If you check triphone means, same state 114 you'll see they are significantly
different from the state SIL_ST21 which must correspond too SIL state 114
This problem should be easy to research, it just requires some analyzis of the
htk2s3 code.
Thanks nshmyrev.
I can't make all the tests I need to ensure the equivalence between models (my
laboratory cluster is down). But with the test file I've reported have
equivalent results, and comparing the models it seems ok. So I'm pretty sure
the conversion is ok.
I think the diff bellow resolve the problem, do you need any explication for
version control commit or the diff is enough?
Thanks again.
diff --git a/htk_converter.py b/htk_converter.py
index c997709..dd748d8 100644
--- a/htk_converter.py
+++ b/htk_converter.py
@@ -10,6 +10,7 @@ from struct import unpack, pack
import sys
from sys import exit
import time
+import operator
from ply import *
@@ -347,7 +348,8 @@ class HtkConverter(object):
dimensionality.
n = 0
o = 0
- for state in states:
+ for (state, sId) in sorted(self.statesToIds.iteritems(),
+ key=operator.itemgetter(1)):
for (iMixture, mixtureWeight, mixture) in state.mixtures:
for float in mixture.mean.vector:
mfile.write(pack('=f', float))
Thanks for your investigation.

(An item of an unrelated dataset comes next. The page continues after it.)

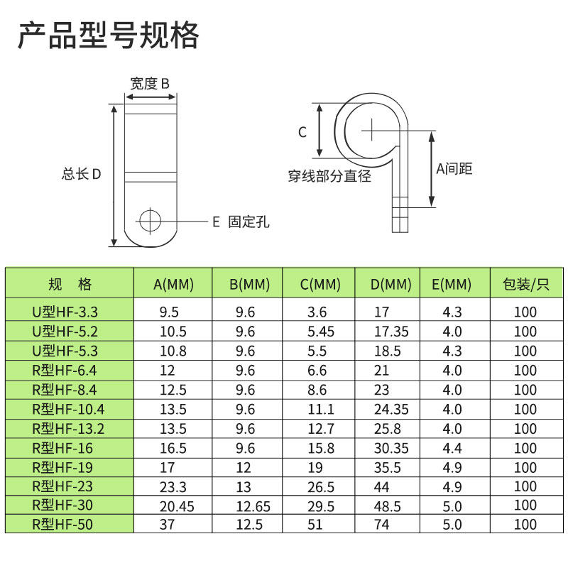 U type 3 3mm (100 white) U type 5 2mm (100 white) R type 5 3mm (100 white) R type 6 4mm (100 white)

The fix above is not enough because states need
to be sorted in other places (where we dump mixtures themselves too). I've
committed a little bit different thing already, it should work now
However, it works only for sphinx3 and pocketsphinx fwdtree. Fwdflat in
pocketsphinx is somewhat broken. I'm looking on this issue now.
Ok, it's more or less configuration issue, your model seems too discriminative
and requires higher beams both for fwdtree and fwdflat. For example fwdflat
beam should be somewhat like 1e-200 instead of 1e-65. Otherwise decoding works
fine.